Unverified community knowledge from r/LocalLLaMA, generated by Nemotron 9B
Opus 4.6 Audit Insights (2026-03-16)
- PR #16226 は 2025年6月5日にマージ済み。
VLLM_SLEEP_WHEN_IDLE=1または--sleep-on-idleで利用可能。- 「コンテナ内でのみ動作」は 誤り — Python レベルの修正(
shm_broadcast.py)であり環境を問わず動作する。- “sGLANG” は SGLang の誤記。対応 PR #6026 も 2025年6月12日にマージ済み。
- ただし Ray 分散環境やワーカーレベルのビジーループには未対応(issues #21231, #19036, #25122)。
Disclaimer: The following information is based on unverified community reports from r/LocalLLaMA. It reflects user experiences and unverified technical guidance provided by Reddit users. Always exercise caution and verify before applying patches to production systems.
According to a Reddit post in r/LocalLLaMA, which has received 303 upvotes and sparked 29 comments, users have reported an unexpected power consumption issue when running vLLM, a high-performance LLM inference engine.
The problem, as described, is that vLLM aggressively utilizes CPU resources — specifically, it uses 100% CPU across as many cores as there are connected GPUs, even during idle periods. For example, a user with 8 GPUs connected to a single machine observed that the system’s idle power draw nearly doubled due to this behavior, resulting in significant energy waste.
This inefficiency stems from vLLM’s default scheduling strategy, which appears to over-provision CPU threads to match the number of GPUs, even when no active inference is occurring.
To address this, a Reddit user submitted a targeted fix via a pull request:
PR #16226 in vLLM
The patch aims to reduce unnecessary CPU thread allocation during idle states, thereby lowering power consumption without compromising performance during active workloads.

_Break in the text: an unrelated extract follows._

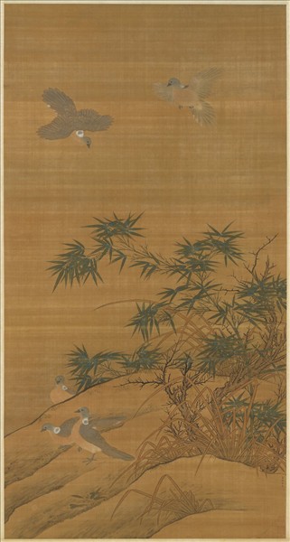 黃筌(卒於西元九六五年),四川成都人,字要叔。十七歲即任職後蜀畫院,曾師法刁光胤、李昇等名家的長處,而有自己的面貌。 幾隻珠頸斑鳩活動於郊原上,其中二隻飛翔於低空,另外三隻正漫步於竹叢邊。流露出在大自然間怡然自得之情景。作者注重寫生,對鳥的形狀以至神態,都極用心觀察,如羽毛層層疊覆的變化也都詳加描繪。本幅舊傳為黃筌之作,與本院所藏的另一幅宋人竹石鳩子圖在構景方面十分相近。
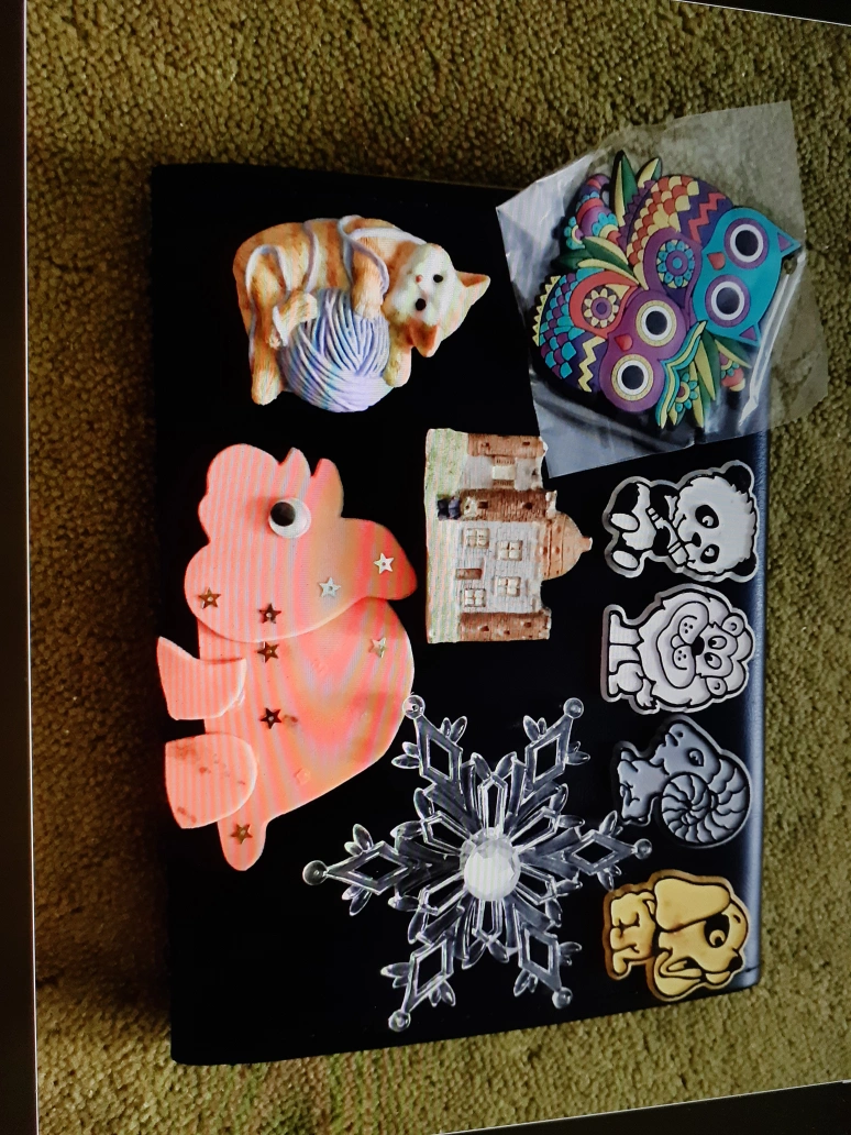 Available! A collection of fun and quirky fridge magnets! Includes a cat playing with yarn, a colourful owl, a snowflake, a castle and other animal designs. Cash and Pickup at Willowdale Middle school 225 Senlac rd OR North York center station/ Empress Walk. 👉If you are unable to pickup at my locations, pls don't msg me.

While the PR is reportedly taking a long time to be merged — a common challenge for community-contributed fixes — users can apply the proposed changes today using instructions provided in the issue comments:
Issue Comment #2839769179
⚠️ Important: This patch only works when deploying vLLM inside a container. Users running vLLM in non-containerized environments (e.g., bare-metal or Docker-free setups) will not be able to apply this fix directly.
The linked comment outlines a step-by-step process to manually apply the patch:
git clone https://github.com/vllm-project/vllm.git
cd vllm
git apply https://github.com/vllm-project/vllm/pull/16226.patch
pip install -e .
pip install --editable . --global-option="--cpp_ext" --global-option="--cuda_ext"
According to the post, after applying the patch, the user reported a significant reduction in idle power usage, bringing it closer to optimal levels — especially beneficial in multi-GPU setups.
In addition to vLLM, the same Reddit user pointed out a similar patch for sGLANG, another LLM inference framework:
This patch addresses comparable inefficiencies in sGLANG’s CPU-GPU thread management, suggesting that this is a broader issue across LLM serving platforms.
For researchers, developers, and hobbyists running large language models locally — especially across 4K, 8K, or even 16K GPU configurations — idle power consumption can become a major cost center. Even small inefficiencies compound quickly in multi-GPU setups.
By reducing unnecessary CPU thrashing, these community-driven fixes help optimize both energy efficiency and thermal management, extending hardware lifespan and reducing electricity bills.
While the patches are not yet officially merged, they represent active community efforts to improve real-world performance. As always, apply such changes at your own risk, and consider reaching out to the vLLM and sGLANG maintainers to advocate for inclusion in upstream releases.
If you’re running LLMs on multiple GPUs and noticing high idle power usage, this could be a simple yet impactful optimization.